For an absolutely incredible recent recording, listen to violinist *Pekka Kuusisto* with conductor *Leif Segerstam* and the *Helskinki Philharmonic*... I believe the recording is made in about 1996 or so. Kuusisto won the Sibelius violin competiton while in his 20's, including the prize for the best performance of Sibelius' violin concerto, which lead to this recording opportunity.

Back to the comparisons, when one listens to this recording, one feels that he is hearing Sibelius' music first and foremost, and not some individualistic "interpretation" that ends up sounding very, very generic. We must not forget that Sibelius' writing is very specific and a category unto itself, deserving as much _study of form_ as _practising of technique_.

For a detailed discussion of the concerto and its interpreters, please click the link in my signature and check out the "Violin Concerto" section!


----------



## Manuel

> Sibelius wrote not much concerts. In fact only his violin concert. He was himself a great violinst and knew his instrument.


That is true. But he wrote it twice. 

What we here all the time is a revised version, from a longer original one.

BIS released a cd a few years ago with both versions, and that is the only recording of the original version of the concerto. After it was completed I suppose the score was taken back to the safe box, and belongs to the Sibelius state. 

The violin there is played by Kavakos. It is an interesting work indeed; however, the violin in that recording is a bit to far away, and the sound is not very good. But those are just technical flaws.
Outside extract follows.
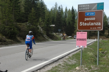 Az igazi mászást Selva di Cadore (1335 m) után, jobban mondva Pescul után kezdtük meg. Januárban Pesculban volt a szállásunk, itt fotóztunk egyet, kicsit nosztalgiáztunk, majd elindult a mászás (salita) Forcella Staulanza (1775 m) szerpentinjén. (Aki ért németül, az ezen az oldalon olvashat Staulanzaról.) Útközben utolértünk két olasz pasit. Az egyik fürgébb lábú volt, ő előre is ment. A másik jött velünk, majd én nem bírtam a tempót, így lemaradtunk. Aztán ő is kifáradhatott, mert útközben többször is megállt. Így hol ő volt előttünk, hol mi előtte. Néhány métert együtt is mentünk. :)))) Fent Staulanzan volt az első etető pont, még minket is megvártak. Arabbaból idáig 1 óra 53 perc alatt értünk.

My favorite recordings of the work are those by Ginette Neveu and a live off-the air one coupling Repin and Gergiev (recorded in 2006).


----------



## Kurkikohtaus

Sorry to return to this topic and try to hammer my point home some more, but I feel I really need to...

In preparation for an upcoming performance of this piece with the West Bohemian Symphony Orchestra on April 27th 2007, I have been studying as many recordings as I can. In general, I do not listen to recordings to "learn the music", but I do listen to recordings of *concertos* to see what various soloists do, what the "traditions" (i.e. bad habits) are, or what hidden possibilities and special approaches soloists can take to the music.

So far I have gone through 8 recordings of this piece in a quite detailed way, lots of stopping and listening to passages many times.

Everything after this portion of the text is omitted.